INFO:sagemaker:Repacking model artifact (s3://sagemaker-eu-central-1-857754129070/pytorch-training-2026-01-11-14-38-37-129/output/model.tar.gz), script artifact (src/preference_dynamics/sagemaker), and dependencies ([]) into single tar.gz file located at s3://sagemaker-eu-central-1-857754129070/pytorch-inference-2026-01-11-15-10-08-767/model.tar.gz.
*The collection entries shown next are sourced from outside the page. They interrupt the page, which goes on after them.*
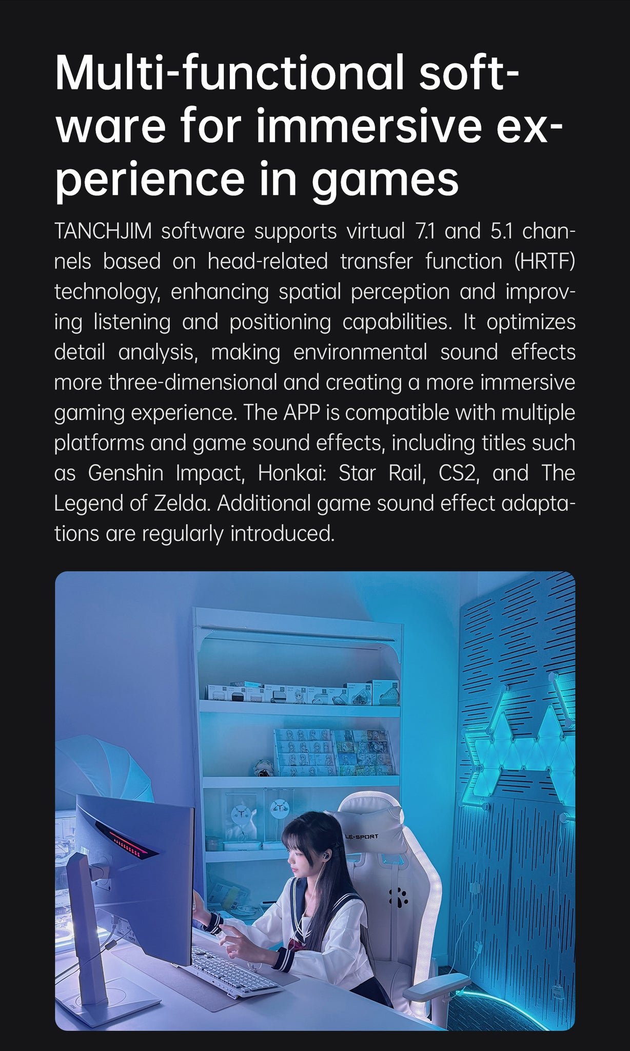 > TANCHJIM software supports virtual 7.1 and 5.1 channels based on head-related transfer function (HRTF) technology, enhancing spatial perception and improving listening and positioning capabilities. It optimizes detail analysis, making environmental sound effects more three-dimensional and creating a more immersive gaming experience. The APP is compatible with multiple platforms and game sound effects, including titles such as Genshin Impact, Honkai: Star Rail, CS2, and The Legend of Zelda. Additional game sound effect adaptations are regularly introduced.
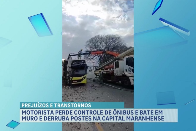 Um ônibus do transporte coletivo bateu em um muro e mais três postes de iluminação pública, na madrugada desta terça-feira (9), na Rua Deputado Luís Rocha, no bairro Vicente Fialho, em São Luís.
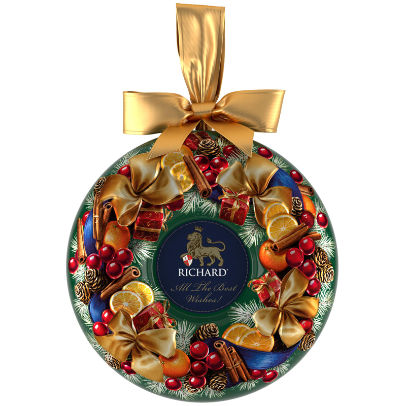 Подарок с наилучшими пожеланиями!<br/>Подарите чудесное ощущение зимних праздников вместе с коллекцией королевского чая RICHARD ALL THE BEST WISHES. Ароматный листовой чёрный чай с апельсином и пряными специями согревает и поднимает настроение. Яркая упаковка в виде классического рождественского венка с шёлковым бантом делает коллекцию идеальным подарком в период зимних праздников.
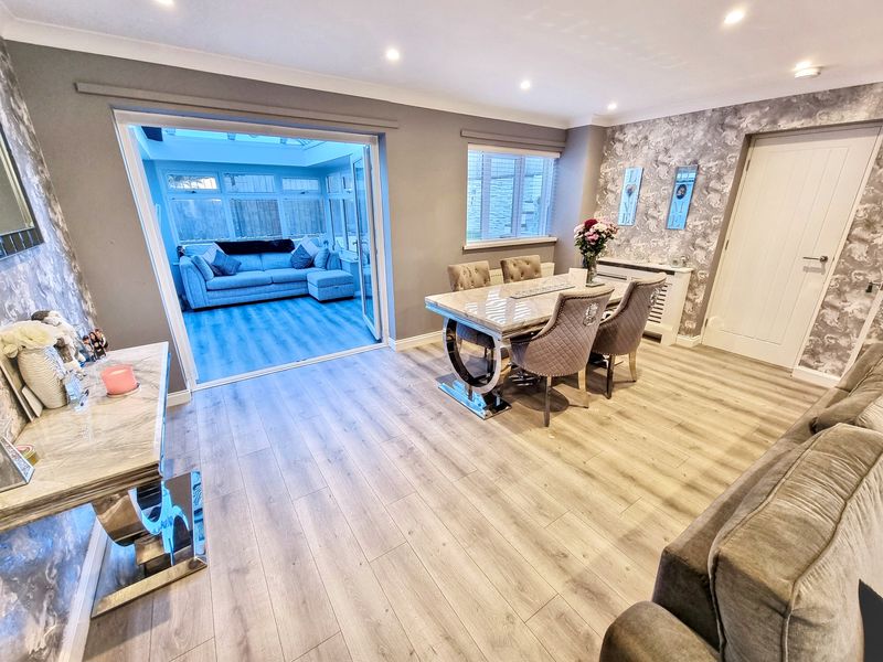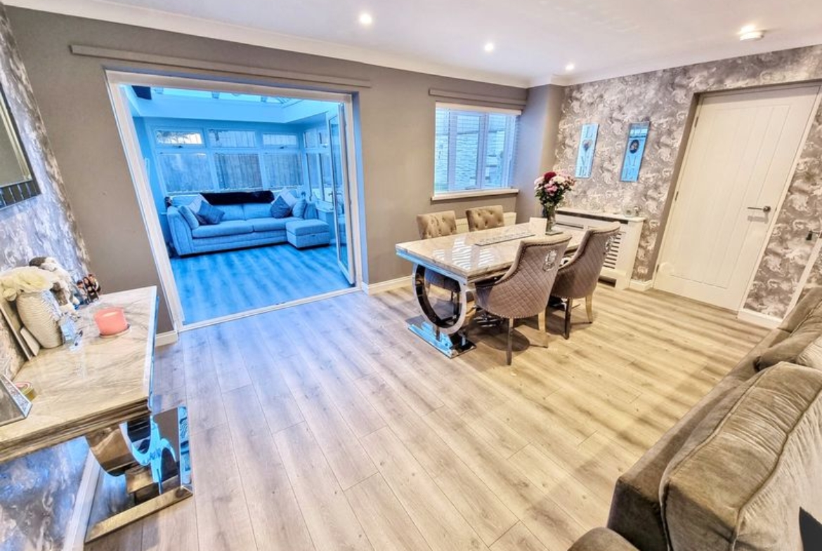 Entrance hallway meets a warm, inviting atmosphere leading to the lounge, conservatory, beautiful modern kitchen through to utility.

This may take some time depending on model size...
INFO:sagemaker:Creating model with name: pytorch-inference-2026-01-11-15-10-10-402
INFO:sagemaker:Creating endpoint-config with name pdl-cnn1d-residual-v1
INFO:sagemaker:Creating endpoint with name pdl-cnn1d-residual-v1


-----!

In [13]:
request_body = json.loads(
    '[{"time_series": [[0.0, 4.130735205020703, 10.42741511136343, 13.000991632401586, 13.107347131379584, 12.428972206111084, 11.879681897898358, 11.660545016760784, 11.655366741255051, 11.71609027105237, 11.763977018052522, 11.782619408435737, 11.782715873817866, 11.77728643887746, 11.773114486025499, 11.771528825133688, 11.771546132995784], [3.8155207648866263, 2.2223991321403833, 6.6435242783096, 10.901003675676636, 12.846477694567007, 13.075174782767874, 12.675575775759418, 12.303005818271386, 12.136507385253337, 12.119354606686608, 12.155405105286086, 12.187986622354332, 12.202225796968577, 12.203477521999082, 12.20023221014977, 12.197386894106941, 12.19616613959889]], "features": [true, 3.6539340823159647, 2.994299404001566]}]'
)

preds = predictor.predict(
    request_body, initial_args={"ContentType": "application/json", "Accept": "application/json"}
)

preds

array([[ 6.00479126, -0.03229706,  4.22427464,  3.57283139, -9.11141968,
         1.27821589, 11.76381111, 11.92895222]])

In [14]:
# Clean up
delete_endpoints_models(sm)

Deleted endpoint: pdl-cnn1d-residual-v1
Deleted model: pytorch-inference-2026-01-11-15-10-10-402


## Summary

This notebook gives a short demonstration of model training deployment to an inference endpoint with SageMaker.